(Items from a data source)
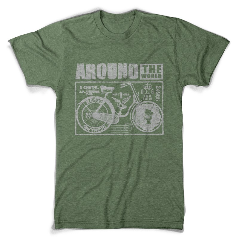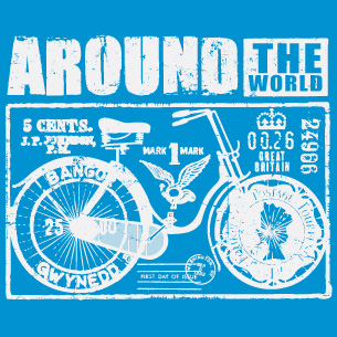 Cycle around the world design template in vector format, featuring detailed pimped bicycle now available for Adobe Illustrator, Adobe Photoshop and Corel Draw and can be used for digital printing and screenprinting .
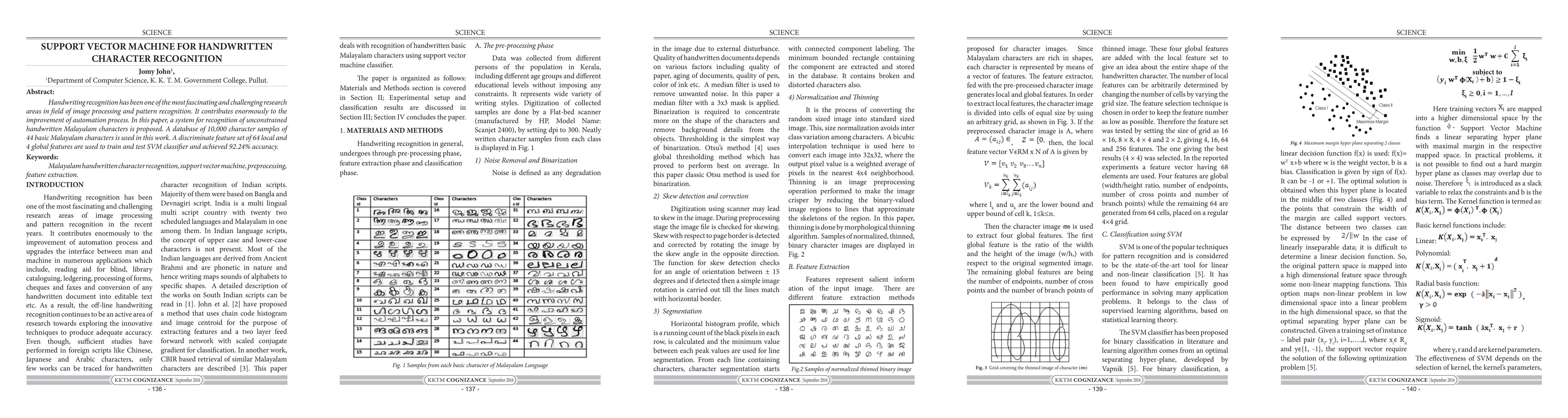 This paper proposes a Support Vector Machine (SVM) system for recognizing unconstrained handwritten Malayalam characters, achieving 92.24% accuracy using a database of 10,000 samples and a feature set combining 64 local and 4 global features.
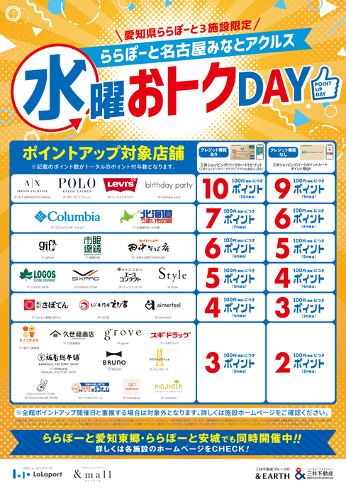 <Held every Wednesday! Wednesday Bargain Day>Mitsui Shopping Park Points Up Day available at participating stores only
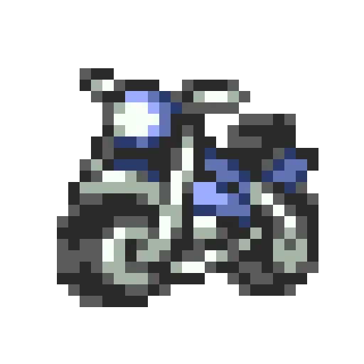 오토바이는 오버월드에서 캐릭터의 이동 속도를 일반 러닝슈즈보다 더 빠르게 하는 데 사용됩니다.
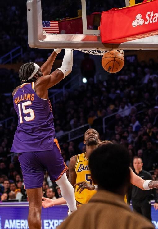 末節(jié)文森特和里夫斯幫助湖人將分差縮小到16分,但此后吉萊斯皮外線連續(xù)三分命中,太陽隊再次取得20分以上的領(lǐng)先。5分44秒湖人撤下主力,本場比賽提前失去懸念。最終全場比賽戰(zhàn)罷,太陽125-108贏下勝利。
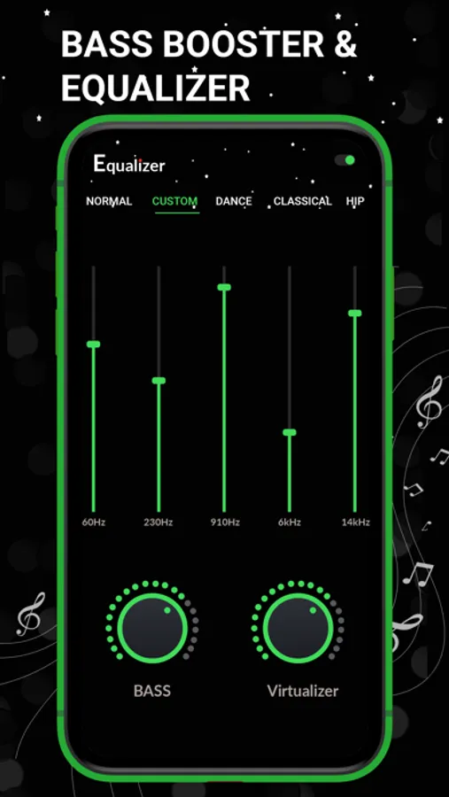 Ω Equalizer featuring bass boost, reverb effects, and more.

● **GOAL OF THE EXERCISE**:
The copy must reproduce every entry exactly while excluding all pictures.

● **COMPLETED EXERCISE**:
 Cycle around the world design template in vector format, featuring detailed pimped bicycle now available for Adobe Illustrator, Adobe Photoshop and Corel Draw and can be used for digital printing and screenprinting .
 This paper proposes a Support Vector Machine (SVM) system for recognizing unconstrained handwritten Malayalam characters, achieving 92.24% accuracy using a database of 10,000 samples and a feature set combining 64 local and 4 global features.
 <Held every Wednesday! Wednesday Bargain Day>Mitsui Shopping Park Points Up Day available at participating stores only
 오토바이는 오버월드에서 캐릭터의 이동 속도를 일반 러닝슈즈보다 더 빠르게 하는 데 사용됩니다.
 末節(jié)文森特和里夫斯幫助湖人將分差縮小到16分,但此后吉萊斯皮外線連續(xù)三分命中,太陽隊再次取得20分以上的領(lǐng)先。5分44秒湖人撤下主力,本場比賽提前失去懸念。最終全場比賽戰(zhàn)罷,太陽125-108贏下勝利。
 Ω Equalizer featuring bass boost, reverb effects, and more.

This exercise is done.